Moore was represented by counsel at the time his first federal habeas corpus petition was filed. He is chargeable with counsel's actual awareness of the factual and legal bases of the claim at the time of the first petition and with the knowledge that would have been possessed by reasonably competent counsel at the time of the first petition. Cf. Daniels v. Blackburn, 763 F.2d 705, 710 (5th Cir.1985) (finding abuse where "[e]ach of the claims that Daniels has asserted in this proceeding is a claim of which competent habeas counsel would have been aware at the time Daniels' prior federal petition was filed in 1980").

We turn next to the state of the law in November 1978--the time of Moore's first federal petition--with respect to the state's failure to advise Moore of his fifth amendment right to remain silent and of his sixth amendment right to counsel prior to or during the presentence interview conducted by a probation officer after conviction and before sentencing. We hold that in November 1978, two and a half years before Estelle v. Smith, 451 U.S. 454, 101 S.Ct. 1866, 68 L.Ed.2d 359 (1981), reasonably competent counsel preparing the first petition could not reasonably have been expected to foresee the fifth and sixth amendment implications of Moore's presentence interview. In particular, counsel is not chargeable with an anticipation of the potential intersection of Miranda v. Arizona, 384 U.S. 436, 86 S.Ct. 1602, 16 L.Ed.2d 694 (1966) with the sentencing phase of a bifurcated Georgia capital murder trial. As a result, Moore's failure to raise the Miranda claim in his first habeas corpus petition was not an abuse of the writ.

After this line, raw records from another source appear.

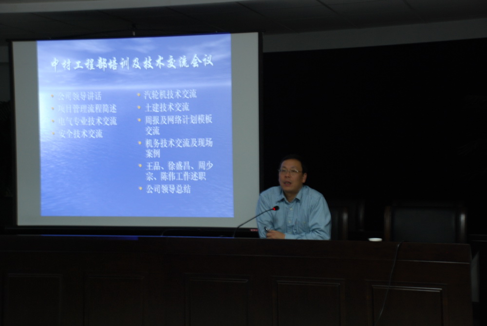 培訓(xùn)和技術(shù)交流的內(nèi)容包括七個(gè)子項(xiàng)專題:項(xiàng)目管理流程、安全管理、電氣安裝、汽輪發(fā)電機(jī)安裝、土建施工管理、機(jī)務(wù)安裝及現(xiàn)場施工案例、周報(bào)及網(wǎng)絡(luò)計(jì)劃模板。本次培訓(xùn)以學(xué)習(xí)、交流、互動為主,與會人員聽講認(rèn)真,交流積極熱烈。
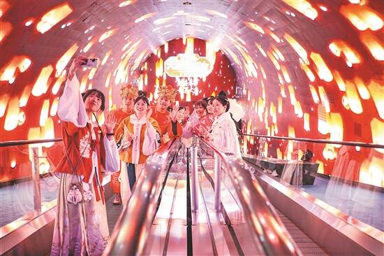 “正佳大唐千灯会·西遇长歌”即日起持续至3月15日,跨越春节、情人节、元宵节、妇女节四个重要节日。相较于去年的首届“正佳大唐千灯会”,今年的千灯会以“一带一路”为线索,以“盛唐丝路”为轴,融入十足的想象力和创造力,全场布置了上万盏花灯,复刻唐朝盛世街灯如昼的盛况,将重现“八方来朝、四海升平”的盛唐景象,打造一出大湾区最具创意和人气的新春主题盛典。市民游客不必前往西安,即可在家门口体验“做一日唐朝人,过一次盛唐年”的滋味。
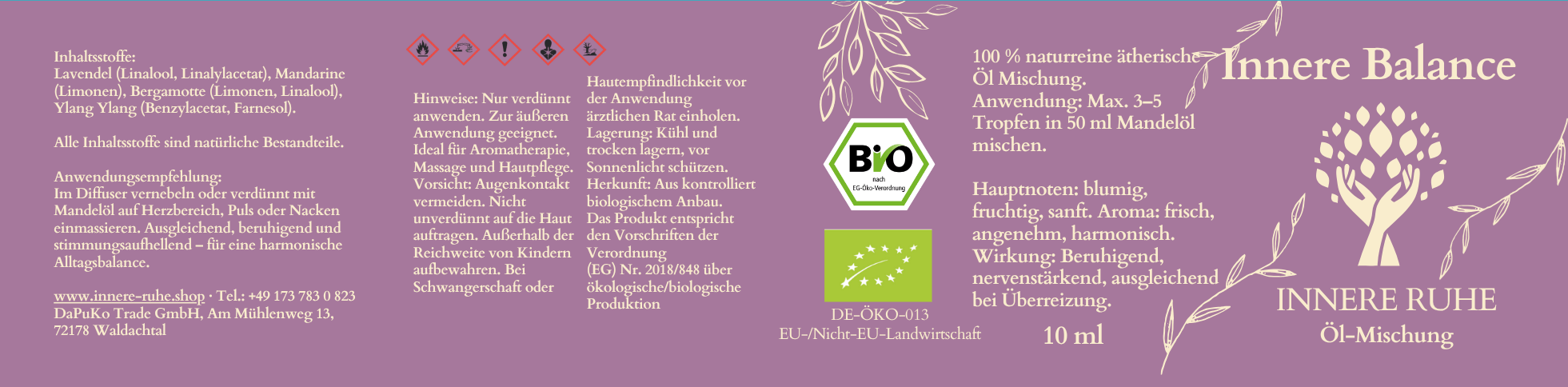 Unsere Mischung „Innere Balance“ ist ein BIO-zertifiziertes, 100% naturreines ätherisches Öl, das speziell entwickelt wurde, um Ihnen bei der Suche nach Entspannung zu helfen. Die sorgfältig ausgewählten Inhaltsstoffe – Lavendel, Mandarine, Bergamotte, Ylang Ylang – tragen dazu bei, ein Gefühl der inneren Ruhe und Ausgeglichenheit zu fördern. Ihr Duftprofil ist sanft, blumig und fruchtig und hinterlässt einen angenehm beruhigenden und nervenstärkenden Duft, der bei Überreizung ausgleichend wirken kann.
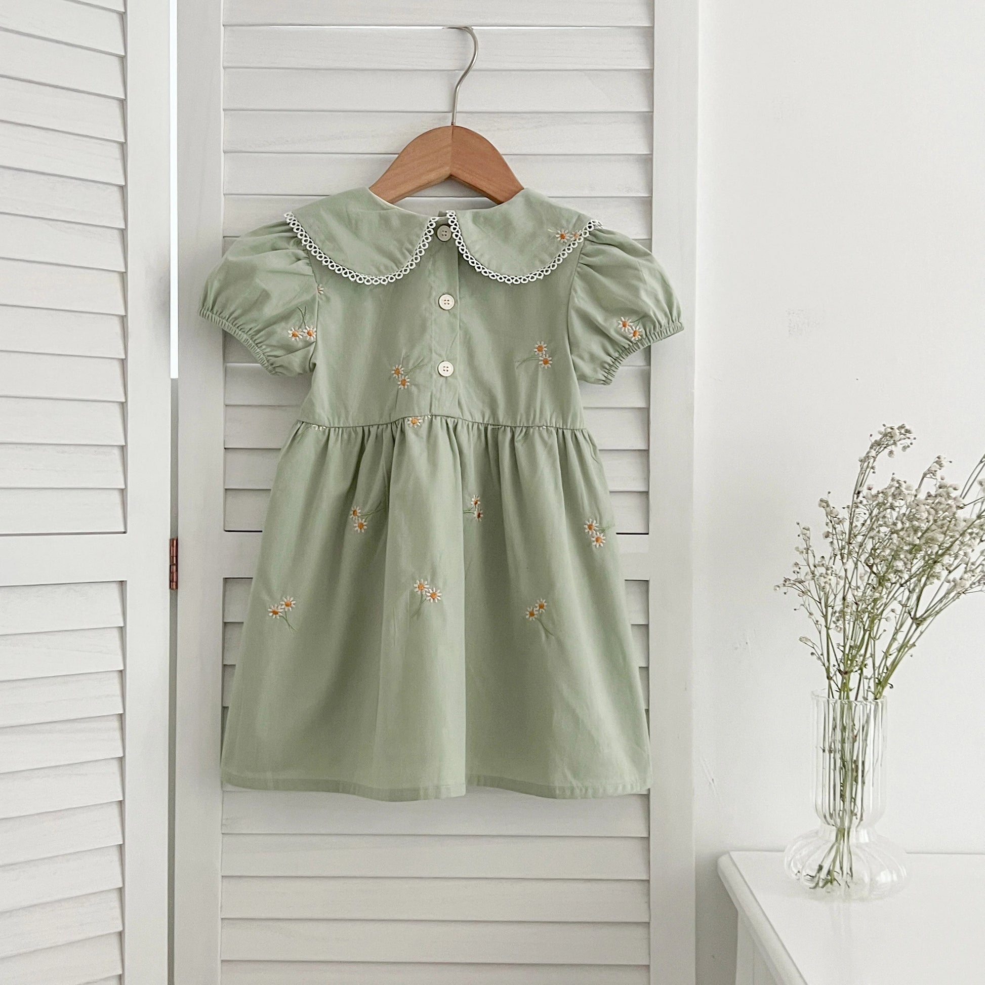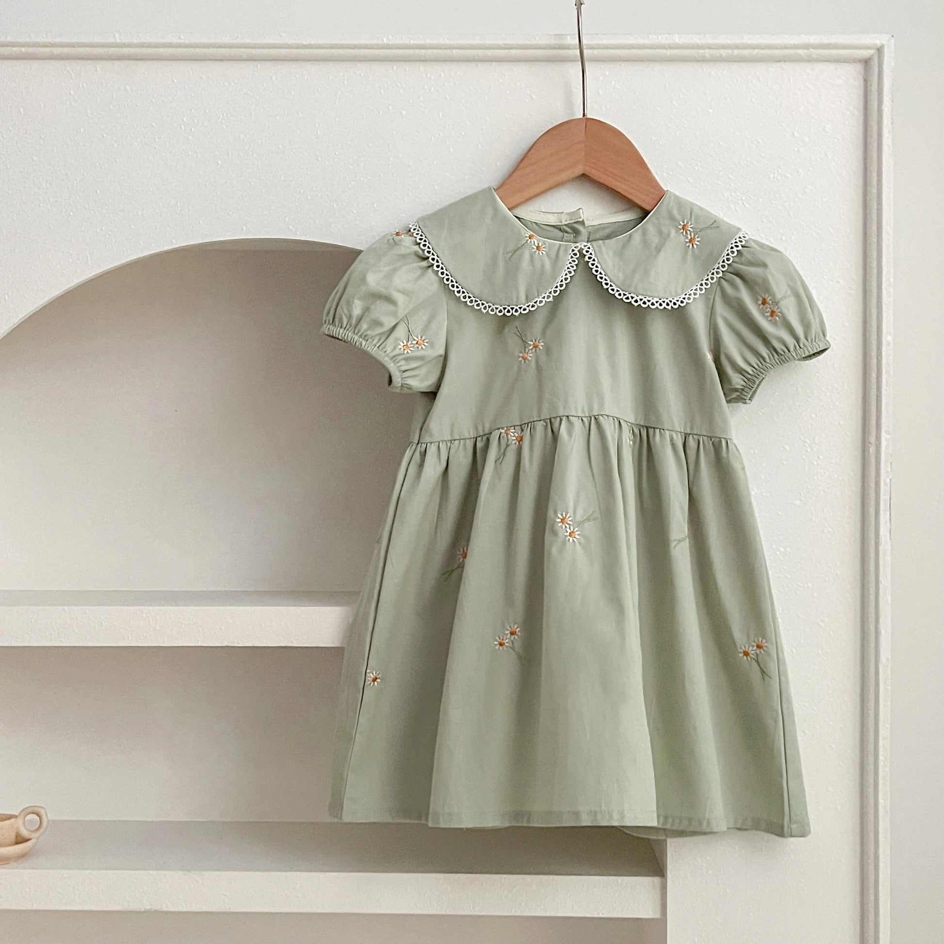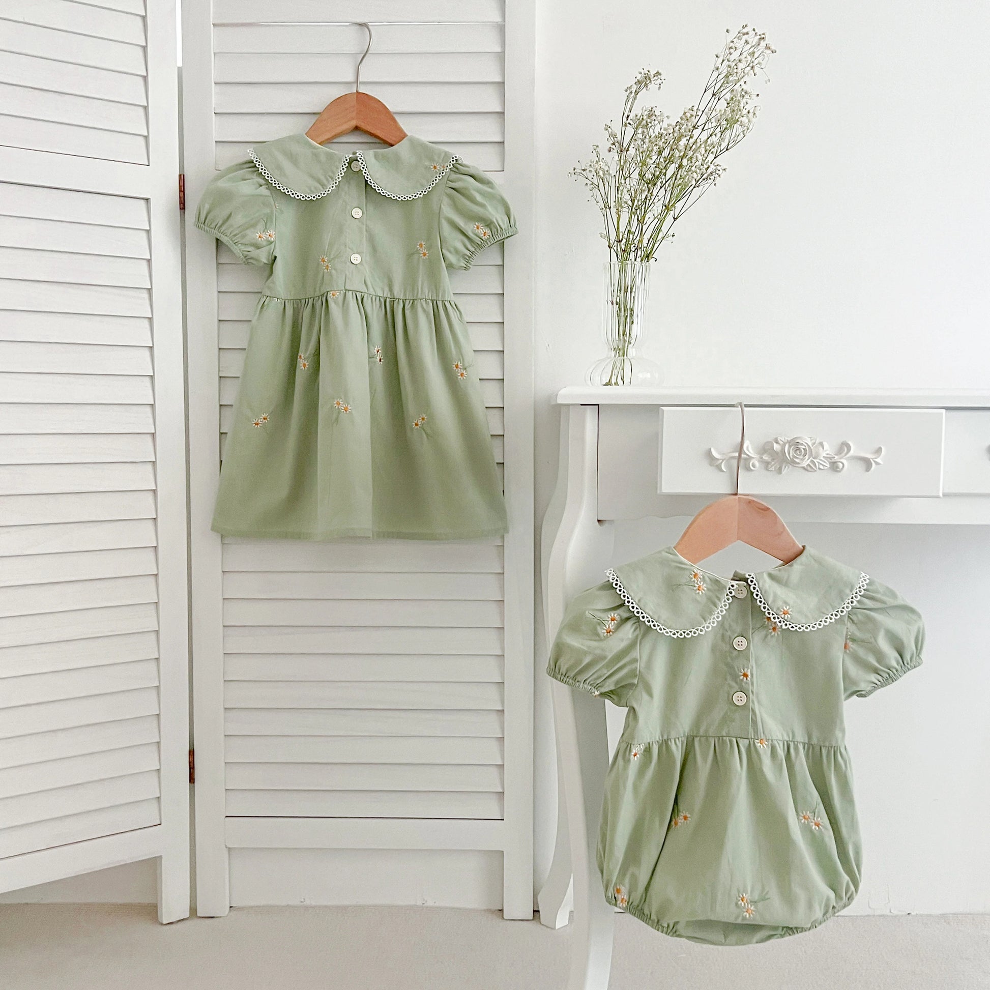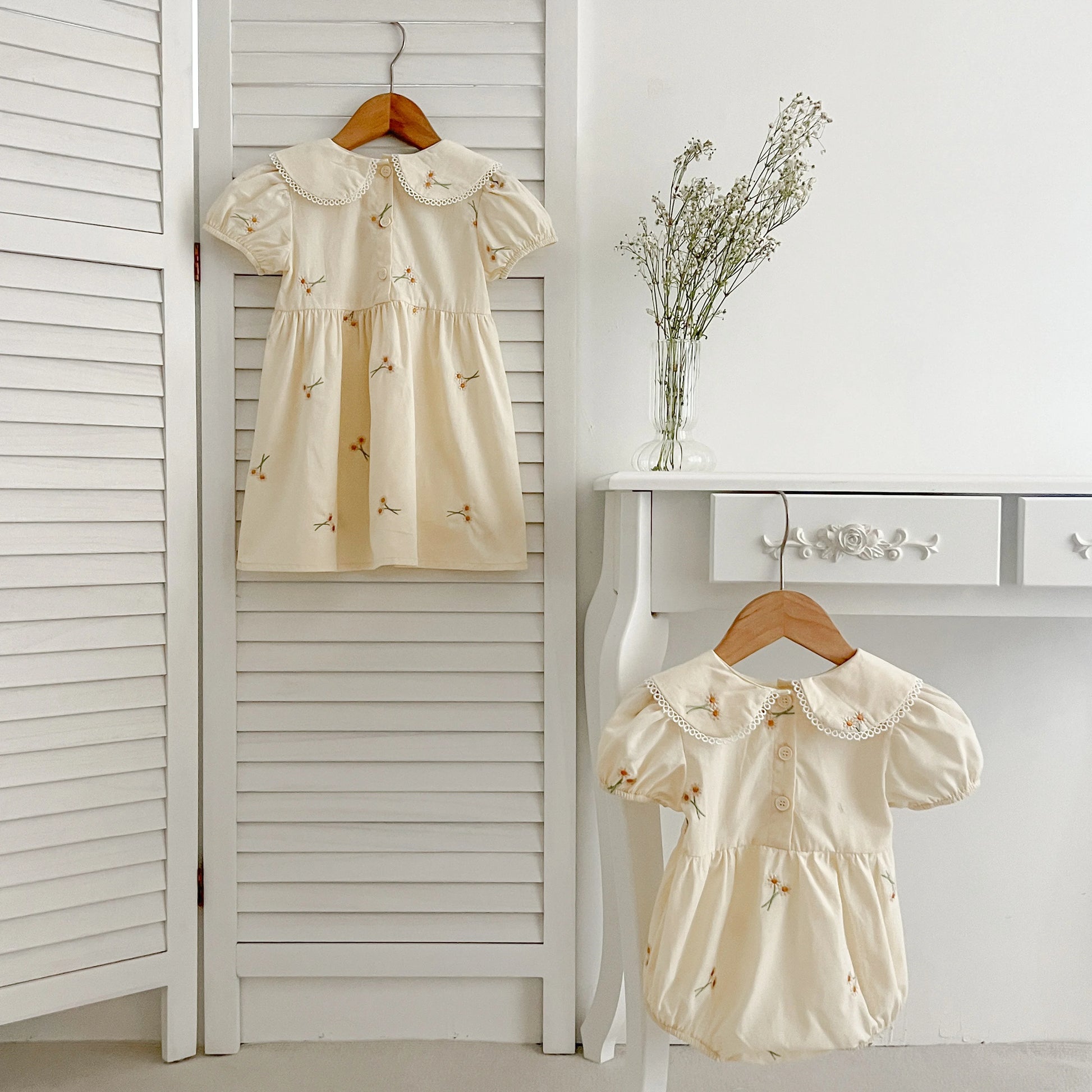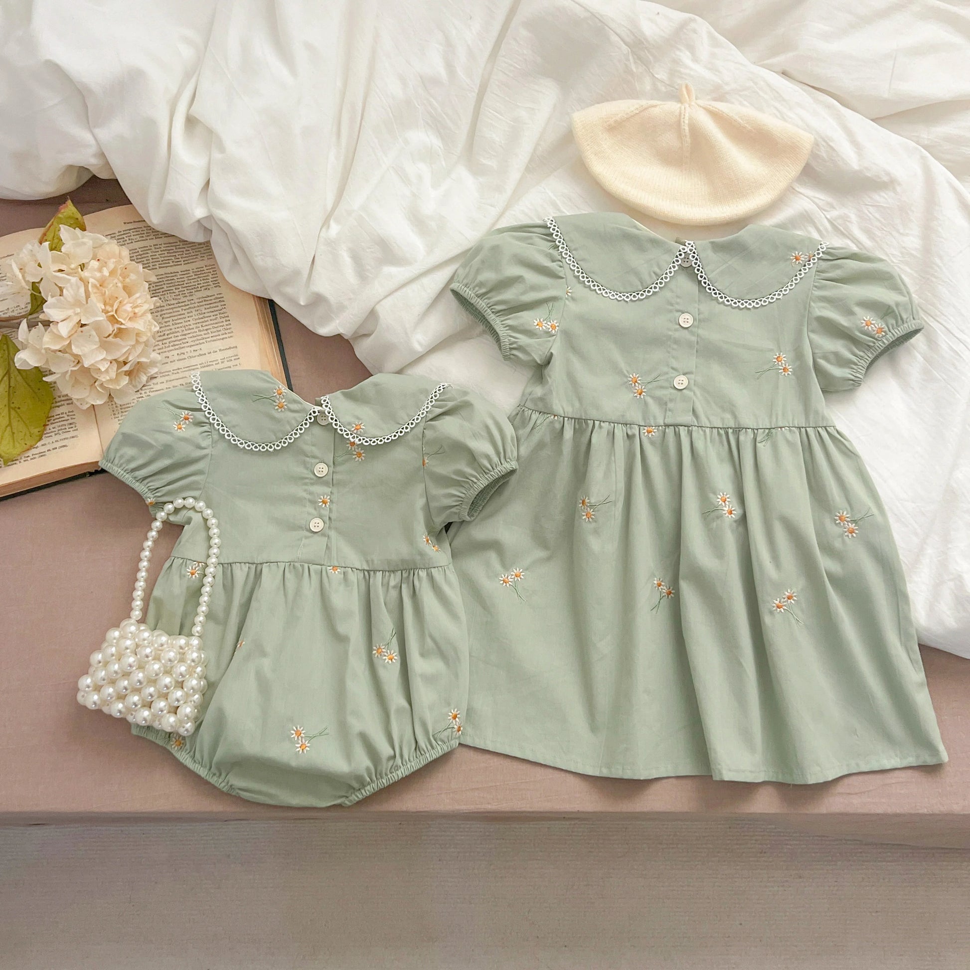 Infant Baby Girls Lace Collar Dress Rompers Sisters Clothes Kids Girls Embroider Flower Princess Dress Family Clothes Rompers

The failure of Moore and counsel in 1978 to anticipate the application of Miranda in the context of the sentencing phase of Georgia's bifurcated capital proceeding is reasonable in light of the lack of clear guidance in 1978 with respect to constitutional protections that might attach to the

Page 852

sentencing phase. Georgia's bifurcated death penalty procedure had been approved by the Supreme Court in 1976. Gregg v. Georgia, 428 U.S. 153, 96 S.Ct. 2909, 49 L.Ed.2d 859 (1976). It was not immediately obvious, however, that the constitutional protections normally accorded to a defendant's merits trial would be applied to sentencing phases in general, or Georgia's in particular, much less that Miranda might be so applied. In 1982, four years after the 1978 date as of which we are assaying what Moore and his counsel reasonably should have foreseen, the Eleventh Circuit noted that "[t]raditionally, sentencing hearings have not been accorded the significance of the guilt-determination portion of the trial." Proffitt v. Wainwright, 685 F.2d 1227, 1252 (11th Cir.1982), modified, 706 F.2d 311, cert. denied, 464 U.S. 1002, 104 S.Ct. 508, 78 L.Ed.2d 697 (1983). This court went on to say in Proffitt that in light of recent Supreme Court decisions, "[t]he view, once prevalent, that the procedural requirements applicable to capital sentencing are no more rigorous than those governing noncapital sentencing decisions ... is no longer valid." Id. at 1253 (emphasis added). 7

Further evidence of a lack of clear guidance in 1978 with respect to sentencing phases is revealed by looking at the cases on which the Supreme Court relied in its opinion in...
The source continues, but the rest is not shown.